Bulletins de l'Ilec

Petit historique de la législation - Numéro 361

01/03/2005

STRUCTURE DU COMMERCE

Dans un avis du 14 mars 1985, la Commission de la concurrence a exclu du champ de la loi 77-806 du 19 juillet 1977, qui régissait le contrôle des concentrations, le rapprochement de centrales d’achat au sein de supercentrales : « Beaucoup, qui ne sont que des centrales de référencement, ne sauraient être regardées comme des concentrations. »

L’ordonnance du 1er décembre 1986 a tenté d’adapter les règles de contrôle au secteur de la distribution, avec un double seuil. Étaient soumises au contrôle les opérations impliquant des entreprises réalisant ensemble plus de 25 % des transactions nationales ou totalisant un chiffre d’affaires hors taxes de plus de 7 milliards de francs, à condition qu’au moins deux d’entre elles aient réalisé un chiffre d’affaires de 2 milliards. Au-dessous de ces seuils, une concentration n’était pas contrôlable (comme l’acquisition de Picard Surgelés par Carrefour : le chiffre d’affaires de Carrefour dépassait le seuil, mais celui de Picard se situait en deçà).
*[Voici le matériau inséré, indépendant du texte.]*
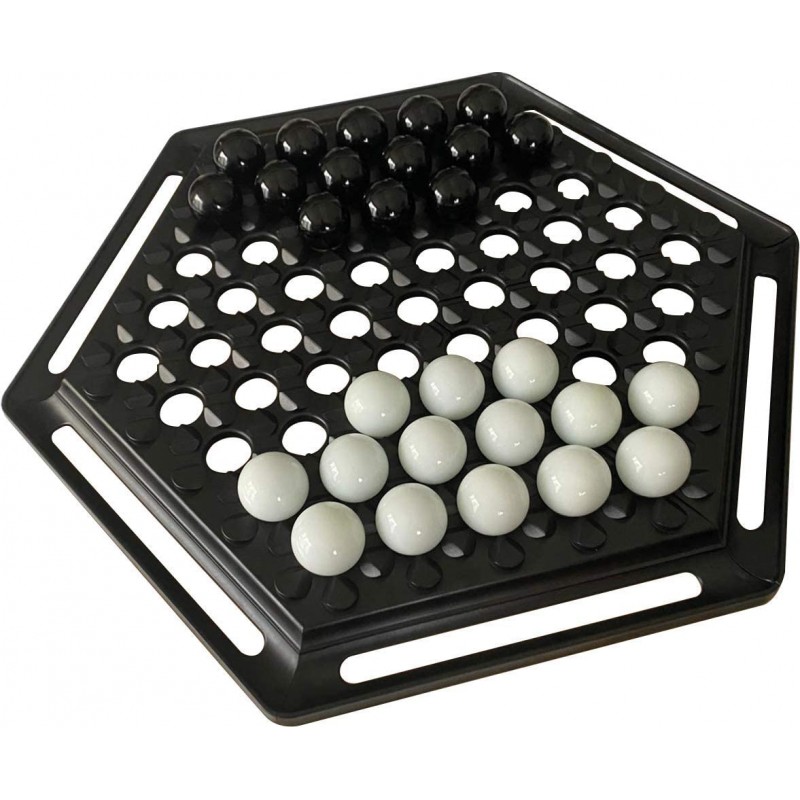 Éjectez six billes appartenant à votre adversaire d’un plateau hexagonal en les poussant avec les vôtres.
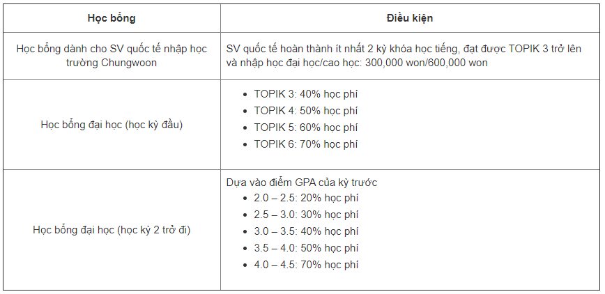 I. TRƯỜNG ĐẠI HỌC CHUNGWOON HÀN QUỐC – 청운대학교
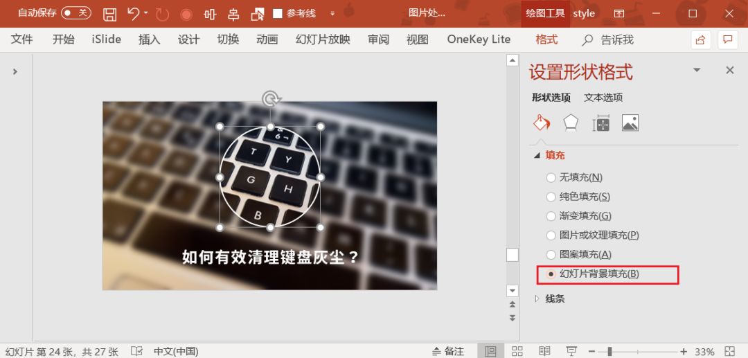 第三层是形状层,使用的形状其实就是最常见的圆形,而最重要的操作是将圆形的填充效果设置为“幻灯片背景填充”,
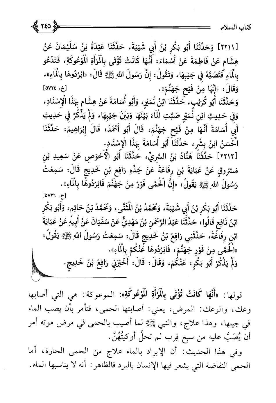 حَدَّثَنَا أَبُو بَكْرِ بْنُ أَبِي شَيْبَةَ، وَمُحَمَّدُ بْنُ الْمُثَنَّى، وَمُحَمَّدُ بْنُ حَاتِمٍ، وَأَبُو بَكْرِ بْنُ نَافِعٍ قَالُوا: حَدَّثَنَا عَبْدُ الرَّحْمَنِ بْنُ مَهْدِيٍّ عَنْ سُفْيَانَ عَنْ أَبِيهِ عَنْ عَبَايَةَ بْنِ رِفَاعَةَ، حَدَّثَنِي رَافِعُ بْنُ خَدِيجٍ قَالَ: سَمِعْتُ رَسُولَ اللهِ صلى الله عليه وسلم يَقُولُ: ((الْحُمَّى مِنْ فَوْرِ جَهَنَّمَ؛ فَابْرُدُوهَا عَنْكُمْ بِالْمَاءِ)).
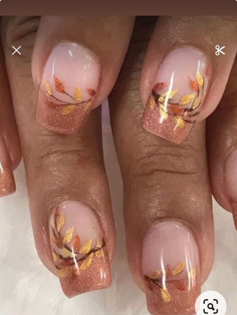 The shimmering bronze glitter French manicure at the tips of the nails offers a simple and elegant look. The beautiful leaf patterns surrounding these shimmering tips add the spirit of autumn to the design. This classic piece is perfect for any occasion, whether you’re going out on the town or just enjoying a relaxed day at home.
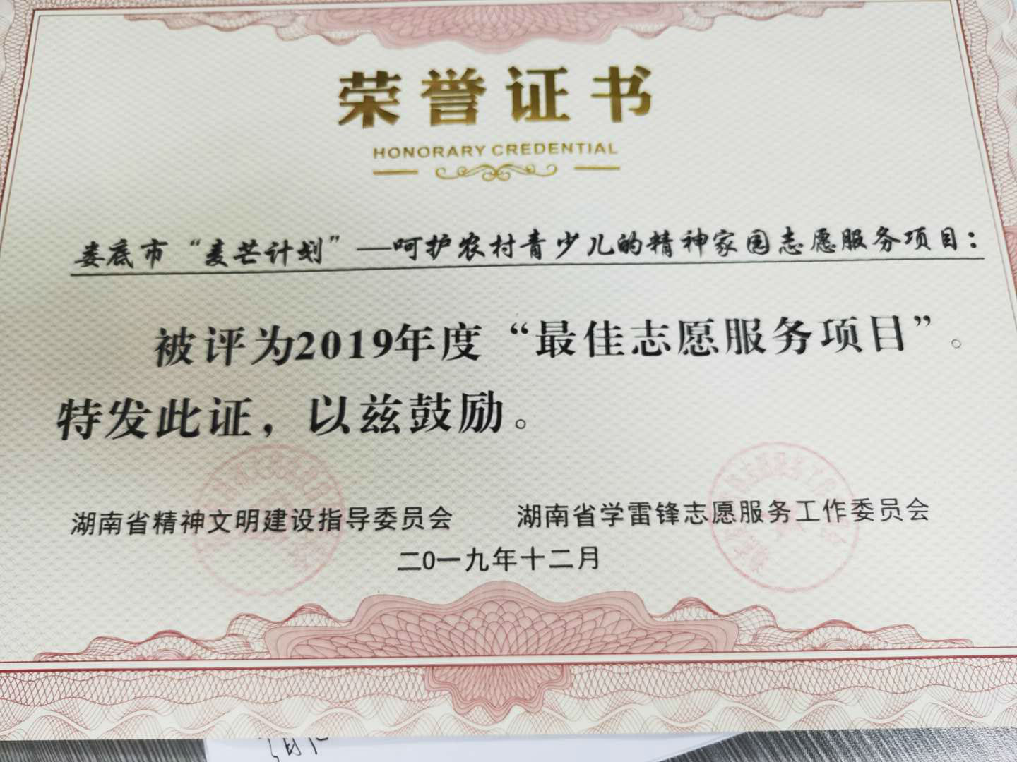 8月20日,湖南省宣传部、文明委、志工委对2019年学雷锋志愿服务先进典型进行了表彰。此次表彰对象分为“最美志愿者”、“最佳志愿服务组织”、 “最佳志愿服务项目”和“最美志愿服务社区”四类,其中第一类100名,后三类各20个。KY官网马克思主义学院组织实施的“麦芒计划”——呵护农村青少儿的精神家园志愿服务项目荣获“最佳志愿服务项目”,并被推送代表湖南省参与全国“最佳志愿服务项目”评选。

Après l’intégration de l’ordonnance du 1er décembre 1986 dans le Code de commerce, la loi 2001-420 du 15 mai 2001 (loi NRE) a supprimé la référence aux parts de marché et a abaissé les seuils de chiffre d’affaires, les ramenant à 150 millions d’euros pour l’ensemble des entreprises et à 50 millions d’euros pour au moins deux d’entre elles. Aux termes de l’article 59 de la loi 2003-660 du 21 juillet 2003, les opérations de concentration concernant la création ou l’extension des grandes et moyennes surfaces sont soumises au droit commun lorsque l’opération a pour effet d’augmenter soit la surface de vente définie à l’article 720-4 du Code de commerce, soit la part de marché des entreprises soumises aux dispositions du même article au-delà de 25 % du marché (L. 720-4).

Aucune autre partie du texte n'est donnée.